21st June 2013 at 01:00
The English teacher at a high school in Ljubljana, Slovenia, tries to stir up debate and cause commotion among one passive group of teenagers but has to work hard to quieten down her next 'entertaining' class

The alarm clock goes off at 5.50am. My husband and I both commute and it takes us more than an hour to drive to Ljubljana. During the ride I mentally go through the day ahead, and when I get to school, the Gimnazija Ledina (Ledina High School), I read the lesson plans and run some errands. My first lesson today is not a real lesson but a parents' appointment.

The proper lessons begin after the morning break. The first one is with third grade (17-year-old) students, a class that is intriguing. They are due to hand in their first literary essay; I wonder how many of them will. The students changed dramatically last summer; in September it felt as if their energy had been drained away by some mysterious power. They are extremely passive, which I don't like. I miss debates and commotion. They can make me slightly drowsy. I need a lot of focus to get to my usual self before the next lesson begins.

After that, I teach two lessons of fourth grade (18-year-old) students, which means two lessons on more or less a similar topic. They are leaving in May and I think they are slowly becoming aware of the big things ahead of them. I like both fourth grade classes very much. We have always got on well.
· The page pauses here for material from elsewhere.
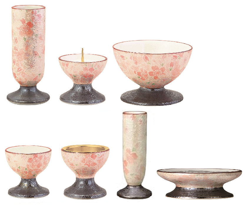 有田焼の七具足です。さくらの図柄です。花立・火立・香炉・茶湯器・仏器・線香差(大)・供物台の7点です。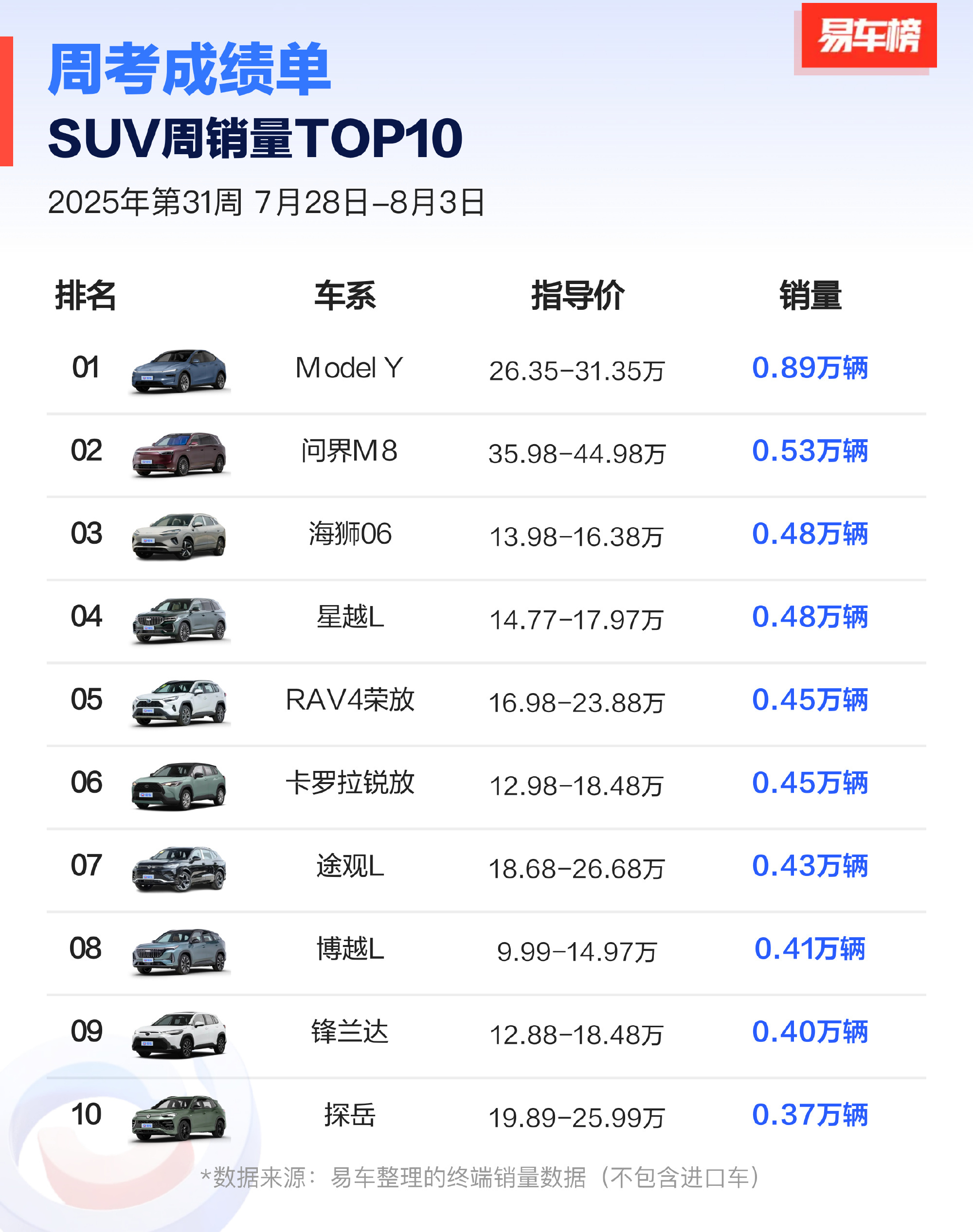 2025年8月5日,易车发布了2025年第31周(7月28日-8月3日)全车型及分级别车型周销量TOP10,在SUV销量TOP 10榜单中,特斯拉Model Y位列第一。

These two lessons at a very high academic level are followed by two lessons of first grade students (15-year-olds). First-graders are funny in a way, still quite naive, and the topics presented are basic.

The last lesson of the day is with my own class, which means we discuss all sorts of things before we start with English. This is their eighth period; they feel quite tired and I need some time to quieten them down. Nevertheless, I like these children very much; they are entertaining and honest.

I enjoy being in the classroom although the children can make me upset or frustrated. But if a few of them remember things I tell them, be it in a professional context or about life in general, then my goals have been accomplished.

The school day ends at 2.50pm. On the way home I collect my husband and if he does the driving I might doze off. If we are lucky, we get home just before 5pm. We have already had lunch in school so I hit the gym, go running or do something around the house. I don't feel well if I'm not active. I strongly believe that you can face the pressures of everyday life only if you are physically strong.

We usually have dinner at about 8pm. I have been blessed with this husband of mine - besides all other things, he is also an exquisite cook. Before dinner I plan for the following day, although I usually draft something the weekend before. I do some internet research, read professional articles and work on projects. Teaching has changed drastically in the past 14 years since I started work. There is a lot of paperwork.

Today I'm finished before dinner, though, which means I can actually sit down with a book of my choice or watch a film. I should be in bed by about 10pm; that, however, rarely happens.

All in all, this is a good day, with no substitute lesson or urgent things to take care of. It is not always like this, though. When there are tests or homework to read, I will sit for hours, late at night, all weekend. No visitors, no fun.